Table 1 demonstrates the association between patient demographics with atrial fibrillation (AF). In a total of 101 patients, 37 patients had AF and 64 patients did not suffer from AF. The median age of the patients with AF was 63.76 ± 16.99 years, whereas the median age in patients not having AF was 51.78 ± 16.67 years (p<0.001). As compared to the patients who were not suffering from AF, patients with AF were older and more likely to have a positive history of hypertension, heart failure, and hyperlipidemia. Patients who did not suffer from AF had few organ failures (p<0.001), more cases of sepsis and shock as compared to those with AF (p<0.03). Incidence of AF was linked with high hospital mortality and longer hospital length of stay (p<0.0001) as compared to those not suffering from AF (p<0.0001). ICU length of stay was also higher along with the duration of ventilation for the AF group (p<0.0001). Most current smokers did not have AF (p<0.068). Patients who had diabetes mellitus type 2, were on dialysis, had a history of angina, congestive heart failure, and cerebrovascular accidents were more prone to developing AF.

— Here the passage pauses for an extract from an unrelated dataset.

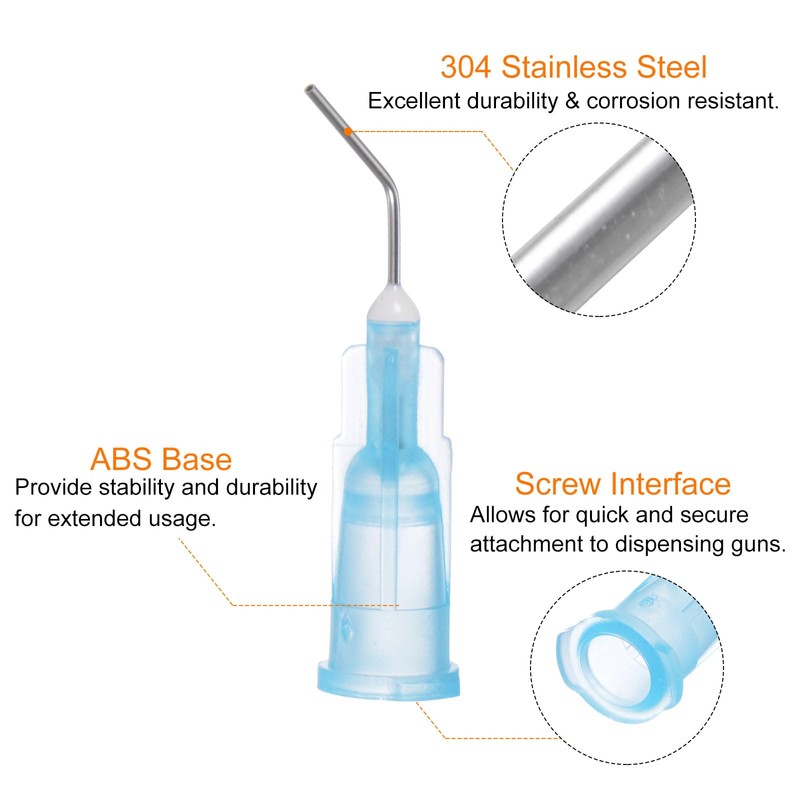 4. degrees bent dispensing needles is suitable for different working faces. During the dispensing process, ensure the sealing of the needle, prevent glue leakage, improve the efficiency, and quickly release the glue.

Table 1. Patient socio-demographic and clinical characteristics and its association with atrial fibrillation.

AF: atrial fibrillation, ICU: intensive care unit, APACHE II: acute physiology and chronic health evaluation.

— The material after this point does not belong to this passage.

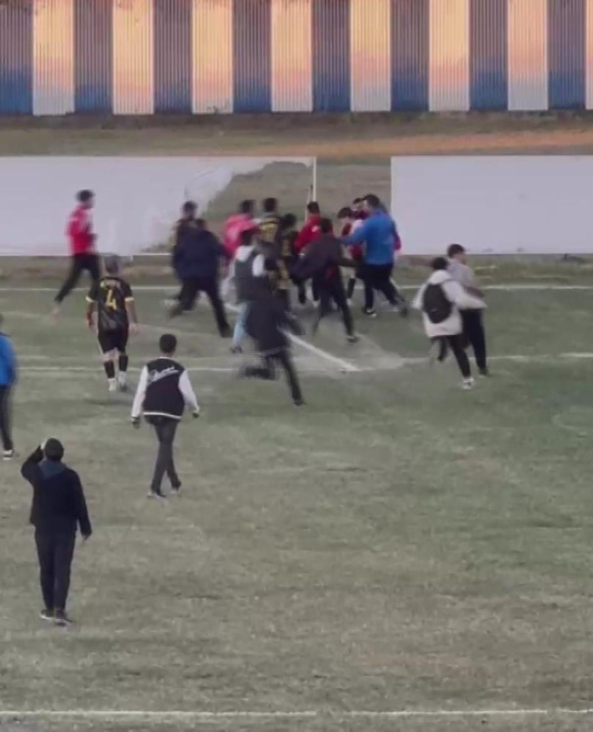 Futbolcuların arasında tekmelerin ve yumrukların havada uçuştuğu kavgaya yöneticiler ve taraftarlar da karıştı.

Characteristic Any AF (n=37) No AF (n=64) P-value
Demographics      
Age (years) 63.76 ± 16.99 51.78 ± 16.67 0.001
Male 22 (59.5%) 33 (51.6%) 0.443
Cardiac risk factors      
Current smoker 22 (59.5%) 26 (40.6%) 0.068
Weight (kg) 67.54 ± 11.29 65.56 ± 10.44 0.386
Dialysis 20 (54.1%) 13 (20.3%) <0.0001
Diabetes mellitus type 2 29 (78.4%) 23 (35.9%) <0.0001
Angina 30 (81.1%) 20 (31.3%) <0.0001
Congestive heart failure 18 (48.6%) 6 (9.4%) <0.0001
Cerebrovascular accidents 14 (37.8%) 11 (17.2%) 0.021
Hypertension 27 (73%) 28 (43.8%) 0.004
Hyperlipidemia 14 (37.8%) 19 (29.7%) 0.4
ICU risk factors      
APACHE II 36.78 ± 14.00 16.78 ± 11.18 <0.0001
Sepsis 30 (81.1%) 33 (51.6%) 0.003
Total number of organ failures 4.11 ± 0.875 2.27 ± 0.877 <0.0001
Shock 30 (81.1%) 33 (51.6%) 0.003
ICU length of stay (days) 10.32 ± 5.92 6.03 ± 4.68 <0.0001
Duration of mechanical ventilation (days) 7.05 ± 6.16 1.22 ± 3.78 <0.0001
Hospital length of stay (days) 11.61 ± 7.01 8.89 ± 5.84 <0.0001
Hospital mortality (n, %) 27 (73%) 2 (3.1%) <0.0001

Table 2 demonstrates the association of patient characteristics with new-onset versus recurrent AF. AF occurred in 37 patients. Of these, 22 patients had no prior AF (new-onset AF), while the remaining 15 had recurrent AF. Recurrent AF was seen with a greater number of cardiovascular risk factors such as congestive heart failure [14 (93.3%)]; (p<0.0001) and cerebrovascular accidents [nine (60%)]; (p<0.022).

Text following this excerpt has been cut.